◆ **Assignment**
An exact copy is needed of the lines in the entries below from the line with "日本の東京都市景観 飯田橋駅" up to and including the line with "scourer (Size XXXL)", and of nothing else. Leave the pictures out.

◆ **Dataset**
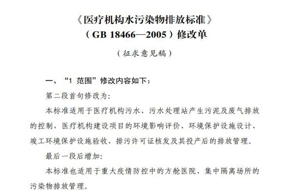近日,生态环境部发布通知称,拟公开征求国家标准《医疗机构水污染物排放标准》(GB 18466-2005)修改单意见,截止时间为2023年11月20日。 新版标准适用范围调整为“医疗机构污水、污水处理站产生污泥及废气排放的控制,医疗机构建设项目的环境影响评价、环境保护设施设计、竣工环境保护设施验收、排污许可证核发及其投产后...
==
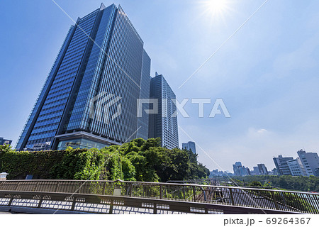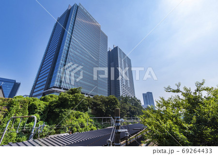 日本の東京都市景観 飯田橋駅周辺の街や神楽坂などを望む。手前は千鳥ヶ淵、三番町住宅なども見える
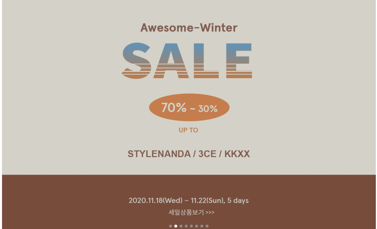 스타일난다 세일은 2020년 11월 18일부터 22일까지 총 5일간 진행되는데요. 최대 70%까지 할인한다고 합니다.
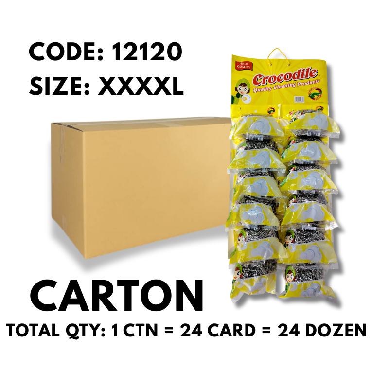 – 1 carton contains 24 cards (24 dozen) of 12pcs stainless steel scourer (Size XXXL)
...
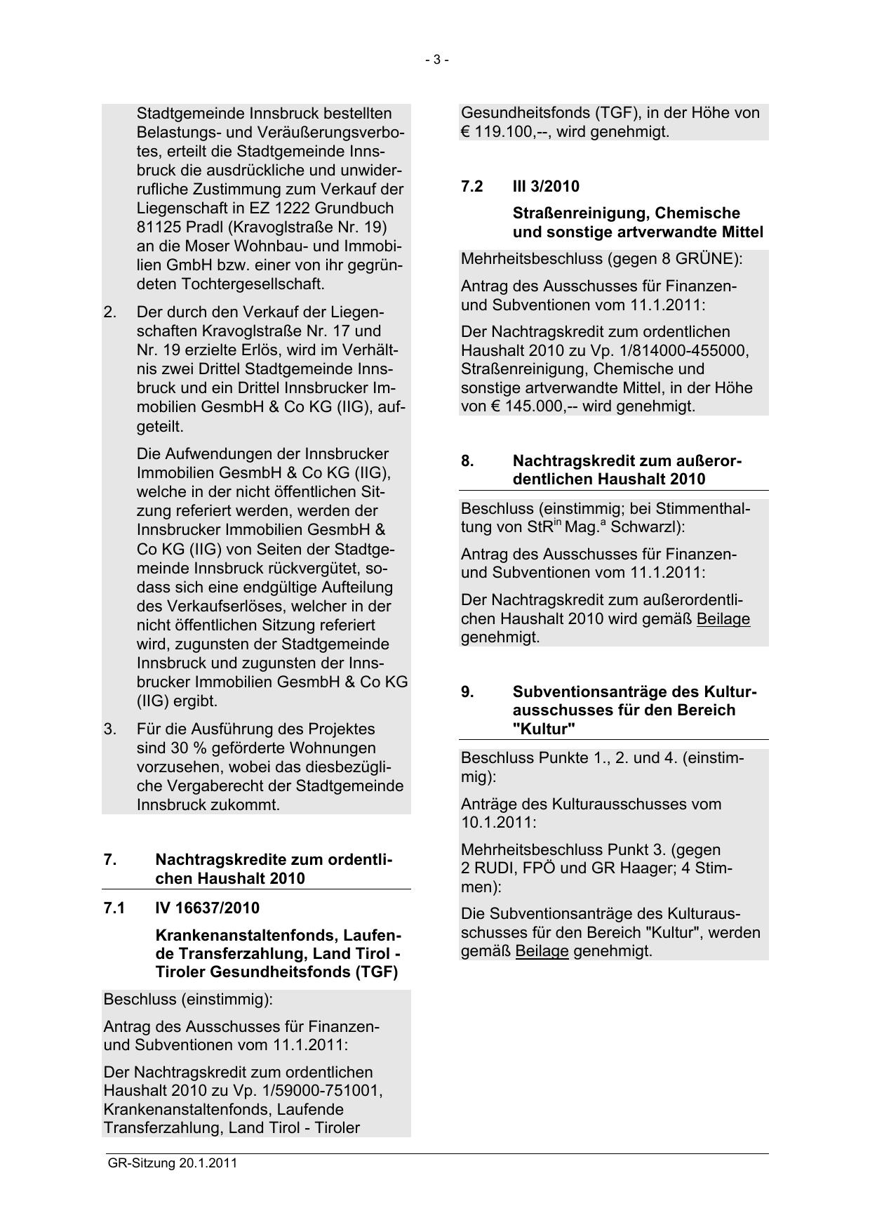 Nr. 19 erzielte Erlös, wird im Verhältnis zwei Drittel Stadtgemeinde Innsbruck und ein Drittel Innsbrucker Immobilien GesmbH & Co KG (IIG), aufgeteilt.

◆ **Answer section**
 日本の東京都市景観 飯田橋駅周辺の街や神楽坂などを望む。手前は千鳥ヶ淵、三番町住宅なども見える
 스타일난다 세일은 2020년 11월 18일부터 22일까지 총 5일간 진행되는데요. 최대 70%까지 할인한다고 합니다.
 – 1 carton contains 24 cards (24 dozen) of 12pcs stainless steel scourer (Size XXXL)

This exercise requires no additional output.